• [Problem]:
Skip the images. Copy the records exactly as written.

══════════

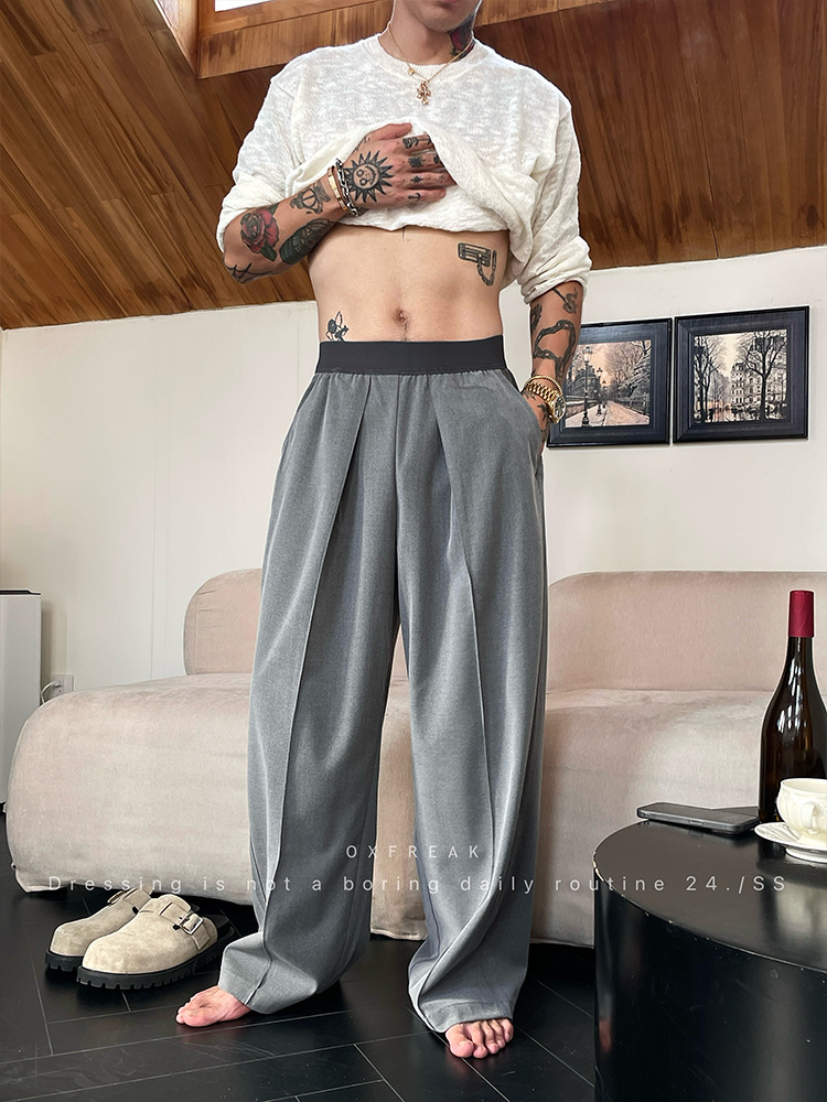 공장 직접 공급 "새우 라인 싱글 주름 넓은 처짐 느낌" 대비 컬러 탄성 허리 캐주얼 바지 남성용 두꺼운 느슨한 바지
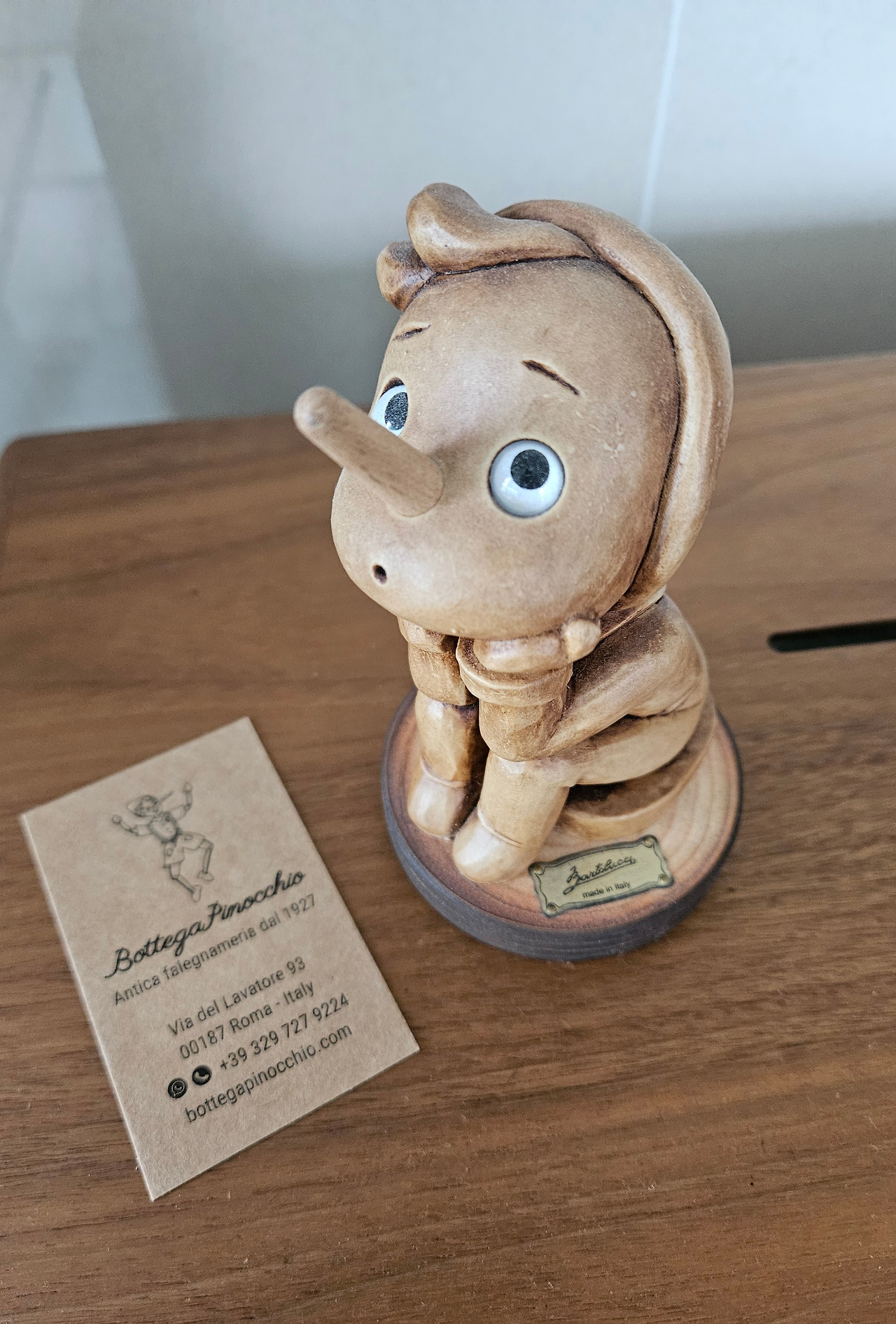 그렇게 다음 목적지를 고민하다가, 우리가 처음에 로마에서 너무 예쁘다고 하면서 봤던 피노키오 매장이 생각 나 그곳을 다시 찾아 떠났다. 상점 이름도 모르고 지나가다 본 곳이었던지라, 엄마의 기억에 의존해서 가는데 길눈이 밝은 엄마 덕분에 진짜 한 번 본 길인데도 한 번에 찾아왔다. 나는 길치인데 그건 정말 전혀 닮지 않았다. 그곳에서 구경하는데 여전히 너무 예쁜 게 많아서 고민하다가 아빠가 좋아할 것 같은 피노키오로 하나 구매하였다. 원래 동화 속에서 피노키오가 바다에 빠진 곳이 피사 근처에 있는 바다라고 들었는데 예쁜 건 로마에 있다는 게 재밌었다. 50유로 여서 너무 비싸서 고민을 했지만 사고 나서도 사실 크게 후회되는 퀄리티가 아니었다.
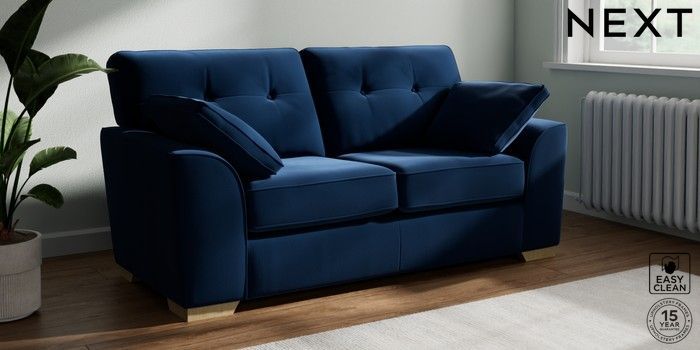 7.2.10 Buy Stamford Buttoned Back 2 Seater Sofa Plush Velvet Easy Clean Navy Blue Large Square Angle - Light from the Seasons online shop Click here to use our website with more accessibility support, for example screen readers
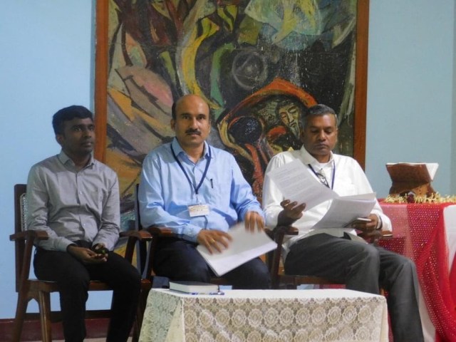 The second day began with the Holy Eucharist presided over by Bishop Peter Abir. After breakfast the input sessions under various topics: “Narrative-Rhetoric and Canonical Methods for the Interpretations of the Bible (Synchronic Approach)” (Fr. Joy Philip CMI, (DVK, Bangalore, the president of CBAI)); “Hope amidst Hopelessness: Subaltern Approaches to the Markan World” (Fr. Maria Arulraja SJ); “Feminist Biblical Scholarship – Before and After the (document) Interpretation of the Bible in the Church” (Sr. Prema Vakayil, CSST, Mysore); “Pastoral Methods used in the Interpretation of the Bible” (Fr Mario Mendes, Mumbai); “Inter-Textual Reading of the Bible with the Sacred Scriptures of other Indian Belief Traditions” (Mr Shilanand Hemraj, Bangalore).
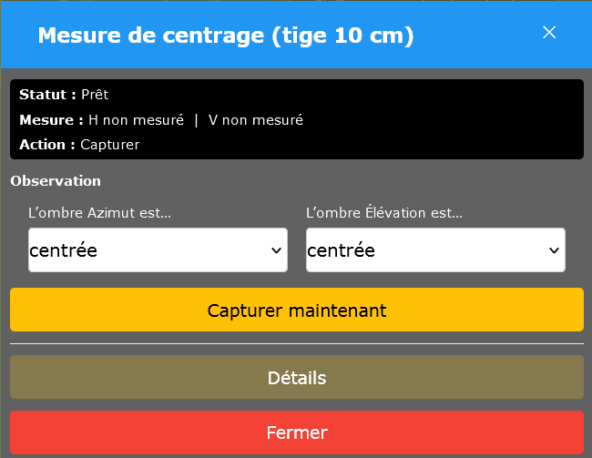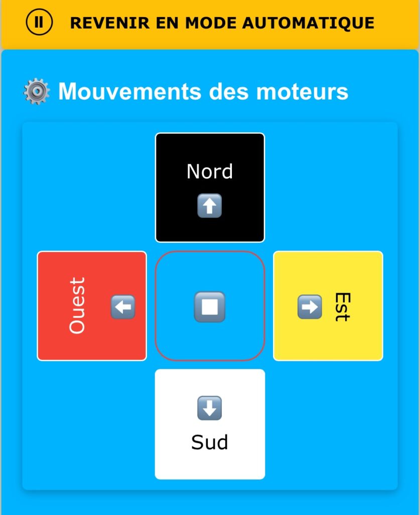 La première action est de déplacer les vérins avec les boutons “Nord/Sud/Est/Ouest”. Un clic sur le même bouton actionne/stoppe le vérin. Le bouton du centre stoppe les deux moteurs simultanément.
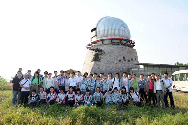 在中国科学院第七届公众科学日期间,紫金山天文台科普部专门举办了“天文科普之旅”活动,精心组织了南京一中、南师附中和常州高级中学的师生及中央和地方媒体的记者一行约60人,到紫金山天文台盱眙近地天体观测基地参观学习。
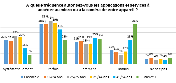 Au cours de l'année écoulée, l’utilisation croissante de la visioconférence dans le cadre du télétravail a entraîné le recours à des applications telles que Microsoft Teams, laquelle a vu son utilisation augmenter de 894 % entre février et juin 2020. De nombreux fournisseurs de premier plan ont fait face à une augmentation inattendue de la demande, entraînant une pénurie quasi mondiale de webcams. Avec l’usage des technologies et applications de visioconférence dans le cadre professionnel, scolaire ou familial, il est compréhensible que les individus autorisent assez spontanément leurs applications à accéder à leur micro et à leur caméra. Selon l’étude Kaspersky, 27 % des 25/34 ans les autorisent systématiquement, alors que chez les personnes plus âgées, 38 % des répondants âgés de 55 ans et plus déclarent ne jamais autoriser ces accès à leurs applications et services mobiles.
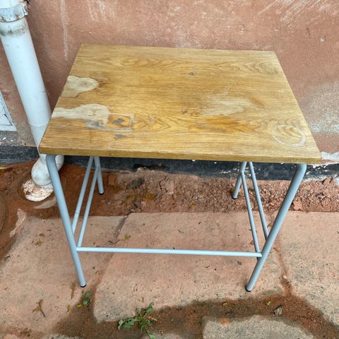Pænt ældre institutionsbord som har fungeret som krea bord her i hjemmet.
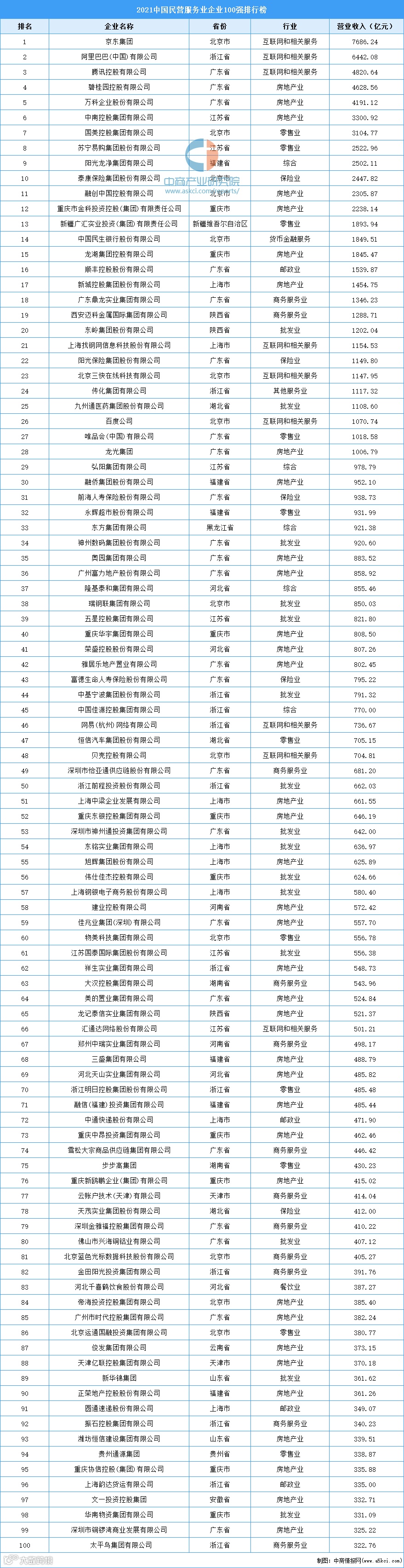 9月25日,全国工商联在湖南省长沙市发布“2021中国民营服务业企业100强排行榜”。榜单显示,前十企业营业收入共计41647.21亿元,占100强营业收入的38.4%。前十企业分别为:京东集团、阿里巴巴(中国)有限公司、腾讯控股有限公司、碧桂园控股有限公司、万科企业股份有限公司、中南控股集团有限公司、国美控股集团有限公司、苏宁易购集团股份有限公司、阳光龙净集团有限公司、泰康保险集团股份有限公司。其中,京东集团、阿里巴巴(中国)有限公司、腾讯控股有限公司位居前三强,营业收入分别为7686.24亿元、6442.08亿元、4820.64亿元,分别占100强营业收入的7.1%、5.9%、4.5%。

══════════

• [Your solution]:
 공장 직접 공급 "새우 라인 싱글 주름 넓은 처짐 느낌" 대비 컬러 탄성 허리 캐주얼 바지 남성용 두꺼운 느슨한 바지
 그렇게 다음 목적지를 고민하다가, 우리가 처음에 로마에서 너무 예쁘다고 하면서 봤던 피노키오 매장이 생각 나 그곳을 다시 찾아 떠났다. 상점 이름도 모르고 지나가다 본 곳이었던지라, 엄마의 기억에 의존해서 가는데 길눈이 밝은 엄마 덕분에 진짜 한 번 본 길인데도 한 번에 찾아왔다. 나는 길치인데 그건 정말 전혀 닮지 않았다. 그곳에서 구경하는데 여전히 너무 예쁜 게 많아서 고민하다가 아빠가 좋아할 것 같은 피노키오로 하나 구매하였다. 원래 동화 속에서 피노키오가 바다에 빠진 곳이 피사 근처에 있는 바다라고 들었는데 예쁜 건 로마에 있다는 게 재밌었다. 50유로 여서 너무 비싸서 고민을 했지만 사고 나서도 사실 크게 후회되는 퀄리티가 아니었다.
 7.2.10 Buy Stamford Buttoned Back 2 Seater Sofa Plush Velvet Easy Clean Navy Blue Large Square Angle - Light from the Seasons online shop Click here to use our website with more accessibility support, for example screen readers
 The second day began with the Holy Eucharist presided over by Bishop Peter Abir. After breakfast the input sessions under various topics: “Narrative-Rhetoric and Canonical Methods for the Interpretations of the Bible (Synchronic Approach)” (Fr. Joy Philip CMI, (DVK, Bangalore, the president of CBAI)); “Hope amidst Hopelessness: Subaltern Approaches to the Markan World” (Fr. Maria Arulraja SJ); “Feminist Biblical Scholarship – Before and After the (document) Interpretation of the Bible in the Church” (Sr. Prema Vakayil, CSST, Mysore); “Pastoral Methods used in the Interpretation of the Bible” (Fr Mario Mendes, Mumbai); “Inter-Textual Reading of the Bible with the Sacred Scriptures of other Indian Belief Traditions” (Mr Shilanand Hemraj, Bangalore).
 La première action est de déplacer les vérins avec les boutons “Nord/Sud/Est/Ouest”. Un clic sur le même bouton actionne/stoppe le vérin. Le bouton du centre stoppe les deux moteurs simultanément.
 在中国科学院第七届公众科学日期间,紫金山天文台科普部专门举办了“天文科普之旅”活动,精心组织了南京一中、南师附中和常州高级中学的师生及中央和地方媒体的记者一行约60人,到紫金山天文台盱眙近地天体观测基地参观学习。
 Au cours de l'année écoulée, l’utilisation croissante de la visioconférence dans le cadre du télétravail a entraîné le recours à des applications telles que Microsoft Teams, laquelle a vu son utilisation augmenter de 894 % entre février et juin 2020. De nombreux fournisseurs de premier plan ont fait face à une augmentation inattendue de la demande, entraînant une pénurie quasi mondiale de webcams. Avec l’usage des technologies et applications de visioconférence dans le cadre professionnel, scolaire ou familial, il est compréhensible que les individus autorisent assez spontanément leurs applications à accéder à leur micro et à leur caméra. Selon l’étude Kaspersky, 27 % des 25/34 ans les autorisent systématiquement, alors que chez les personnes plus âgées, 38 % des répondants âgés de 55 ans et plus déclarent ne jamais autoriser ces accès à leurs applications et services mobiles.
Pænt ældre institutionsbord som har fungeret som krea bord her i hjemmet.
 9月25日,全国工商联在湖南省长沙市发布“2021中国民营服务业企业100强排行榜”。榜单显示,前十企业营业收入共计41647.21亿元,占100强营业收入的38.4%。前十企业分别为:京东集团、阿里巴巴(中国)有限公司、腾讯控股有限公司、碧桂园控股有限公司、万科企业股份有限公司、中南控股集团有限公司、国美控股集团有限公司、苏宁易购集团股份有限公司、阳光龙净集团有限公司、泰康保险集团股份有限公司。其中,京东集团、阿里巴巴(中国)有限公司、腾讯控股有限公司位居前三强,营业收入分别为7686.24亿元、6442.08亿元、4820.64亿元,分别占100强营业收入的7.1%、5.9%、4.5%。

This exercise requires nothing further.